== Segment start ==

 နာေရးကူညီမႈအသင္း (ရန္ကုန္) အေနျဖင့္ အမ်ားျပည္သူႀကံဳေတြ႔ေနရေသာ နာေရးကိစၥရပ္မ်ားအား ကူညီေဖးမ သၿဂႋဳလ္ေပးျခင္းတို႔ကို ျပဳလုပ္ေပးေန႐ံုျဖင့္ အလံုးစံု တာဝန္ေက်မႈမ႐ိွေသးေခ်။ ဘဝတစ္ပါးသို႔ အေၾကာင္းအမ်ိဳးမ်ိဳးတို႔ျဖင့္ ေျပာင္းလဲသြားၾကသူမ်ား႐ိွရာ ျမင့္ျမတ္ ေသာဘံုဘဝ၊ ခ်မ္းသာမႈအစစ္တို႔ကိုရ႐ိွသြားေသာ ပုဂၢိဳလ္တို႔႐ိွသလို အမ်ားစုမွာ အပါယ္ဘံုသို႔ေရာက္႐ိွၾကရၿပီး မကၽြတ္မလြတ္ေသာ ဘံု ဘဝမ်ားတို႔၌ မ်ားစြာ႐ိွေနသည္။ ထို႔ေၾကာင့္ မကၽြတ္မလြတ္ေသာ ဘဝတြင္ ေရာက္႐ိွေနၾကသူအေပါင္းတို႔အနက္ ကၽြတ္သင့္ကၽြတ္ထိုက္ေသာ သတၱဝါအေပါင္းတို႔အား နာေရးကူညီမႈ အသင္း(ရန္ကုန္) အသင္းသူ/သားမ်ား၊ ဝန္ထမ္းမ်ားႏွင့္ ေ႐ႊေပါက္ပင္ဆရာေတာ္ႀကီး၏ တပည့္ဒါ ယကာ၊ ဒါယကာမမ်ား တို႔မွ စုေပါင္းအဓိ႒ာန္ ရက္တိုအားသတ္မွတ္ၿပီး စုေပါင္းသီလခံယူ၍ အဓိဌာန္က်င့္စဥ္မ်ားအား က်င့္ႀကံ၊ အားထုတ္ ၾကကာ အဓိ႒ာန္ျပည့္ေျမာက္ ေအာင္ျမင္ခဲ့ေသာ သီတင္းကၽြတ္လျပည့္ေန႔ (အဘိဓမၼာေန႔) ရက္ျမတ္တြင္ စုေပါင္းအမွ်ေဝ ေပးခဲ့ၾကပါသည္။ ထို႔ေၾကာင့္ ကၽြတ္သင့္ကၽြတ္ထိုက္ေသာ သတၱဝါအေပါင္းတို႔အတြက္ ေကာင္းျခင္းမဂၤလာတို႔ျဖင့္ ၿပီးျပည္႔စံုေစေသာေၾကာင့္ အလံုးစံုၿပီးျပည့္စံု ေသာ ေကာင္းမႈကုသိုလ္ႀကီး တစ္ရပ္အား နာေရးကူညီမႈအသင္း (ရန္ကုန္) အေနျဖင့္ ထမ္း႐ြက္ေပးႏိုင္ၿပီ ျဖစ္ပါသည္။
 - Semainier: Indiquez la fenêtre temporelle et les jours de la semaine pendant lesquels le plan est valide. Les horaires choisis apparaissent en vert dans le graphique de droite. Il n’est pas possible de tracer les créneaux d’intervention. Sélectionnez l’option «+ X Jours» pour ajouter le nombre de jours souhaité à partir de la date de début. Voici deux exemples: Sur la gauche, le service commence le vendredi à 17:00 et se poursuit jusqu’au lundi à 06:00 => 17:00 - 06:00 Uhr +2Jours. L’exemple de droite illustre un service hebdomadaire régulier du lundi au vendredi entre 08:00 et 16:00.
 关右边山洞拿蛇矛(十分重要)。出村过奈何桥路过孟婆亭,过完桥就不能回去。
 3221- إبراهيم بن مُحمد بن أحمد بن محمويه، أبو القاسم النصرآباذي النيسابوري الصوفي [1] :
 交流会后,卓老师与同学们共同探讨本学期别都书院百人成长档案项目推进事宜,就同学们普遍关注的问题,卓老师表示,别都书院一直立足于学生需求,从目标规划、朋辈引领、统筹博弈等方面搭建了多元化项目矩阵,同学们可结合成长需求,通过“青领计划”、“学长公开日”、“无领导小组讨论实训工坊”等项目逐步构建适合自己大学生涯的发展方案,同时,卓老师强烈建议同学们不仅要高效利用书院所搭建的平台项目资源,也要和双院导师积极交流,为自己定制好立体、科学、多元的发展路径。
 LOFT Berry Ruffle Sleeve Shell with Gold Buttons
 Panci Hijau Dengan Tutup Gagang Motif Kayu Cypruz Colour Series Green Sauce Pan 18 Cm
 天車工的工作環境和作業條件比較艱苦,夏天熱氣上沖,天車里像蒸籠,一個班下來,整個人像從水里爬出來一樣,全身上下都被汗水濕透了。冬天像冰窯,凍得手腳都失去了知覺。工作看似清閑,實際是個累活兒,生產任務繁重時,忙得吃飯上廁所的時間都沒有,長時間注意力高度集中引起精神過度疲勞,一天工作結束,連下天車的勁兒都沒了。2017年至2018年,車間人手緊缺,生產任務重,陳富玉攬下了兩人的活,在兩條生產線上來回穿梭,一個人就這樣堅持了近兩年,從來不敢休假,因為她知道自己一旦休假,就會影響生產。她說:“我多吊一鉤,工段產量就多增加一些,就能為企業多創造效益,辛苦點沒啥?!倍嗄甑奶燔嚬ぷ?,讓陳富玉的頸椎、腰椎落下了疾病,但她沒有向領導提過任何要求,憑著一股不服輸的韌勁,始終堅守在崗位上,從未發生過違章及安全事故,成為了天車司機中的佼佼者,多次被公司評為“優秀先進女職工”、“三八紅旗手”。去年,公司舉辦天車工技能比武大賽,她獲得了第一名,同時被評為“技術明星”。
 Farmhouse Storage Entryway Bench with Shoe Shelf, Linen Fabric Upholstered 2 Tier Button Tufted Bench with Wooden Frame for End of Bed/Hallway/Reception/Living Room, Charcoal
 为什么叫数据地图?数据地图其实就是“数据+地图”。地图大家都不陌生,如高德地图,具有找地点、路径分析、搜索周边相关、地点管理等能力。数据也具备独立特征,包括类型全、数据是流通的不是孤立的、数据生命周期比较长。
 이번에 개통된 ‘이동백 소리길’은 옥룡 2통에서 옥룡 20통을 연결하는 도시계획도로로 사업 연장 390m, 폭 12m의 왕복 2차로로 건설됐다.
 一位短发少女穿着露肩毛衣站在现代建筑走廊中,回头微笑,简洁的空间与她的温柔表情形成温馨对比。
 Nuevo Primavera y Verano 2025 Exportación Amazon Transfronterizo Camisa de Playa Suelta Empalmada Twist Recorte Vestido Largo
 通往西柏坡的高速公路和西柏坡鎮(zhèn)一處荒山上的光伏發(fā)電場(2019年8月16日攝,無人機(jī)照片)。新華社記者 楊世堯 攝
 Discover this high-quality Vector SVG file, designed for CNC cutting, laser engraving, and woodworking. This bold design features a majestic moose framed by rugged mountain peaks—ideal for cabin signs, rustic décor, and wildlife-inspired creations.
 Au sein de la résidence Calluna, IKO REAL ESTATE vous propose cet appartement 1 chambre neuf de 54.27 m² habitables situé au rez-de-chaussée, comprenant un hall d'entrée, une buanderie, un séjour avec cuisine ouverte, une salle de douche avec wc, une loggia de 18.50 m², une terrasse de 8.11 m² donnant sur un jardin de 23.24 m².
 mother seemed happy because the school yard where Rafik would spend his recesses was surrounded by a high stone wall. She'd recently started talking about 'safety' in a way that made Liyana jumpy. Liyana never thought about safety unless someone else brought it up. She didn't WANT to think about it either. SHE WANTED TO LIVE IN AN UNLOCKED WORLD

== Segment end ==

> Aim of the task:
Report all lines in the records that include the string "with".

> Result:
 LOFT Berry Ruffle Sleeve Shell with Gold Buttons
 Farmhouse Storage Entryway Bench with Shoe Shelf, Linen Fabric Upholstered 2 Tier Button Tufted Bench with Wooden Frame for End of Bed/Hallway/Reception/Living Room, Charcoal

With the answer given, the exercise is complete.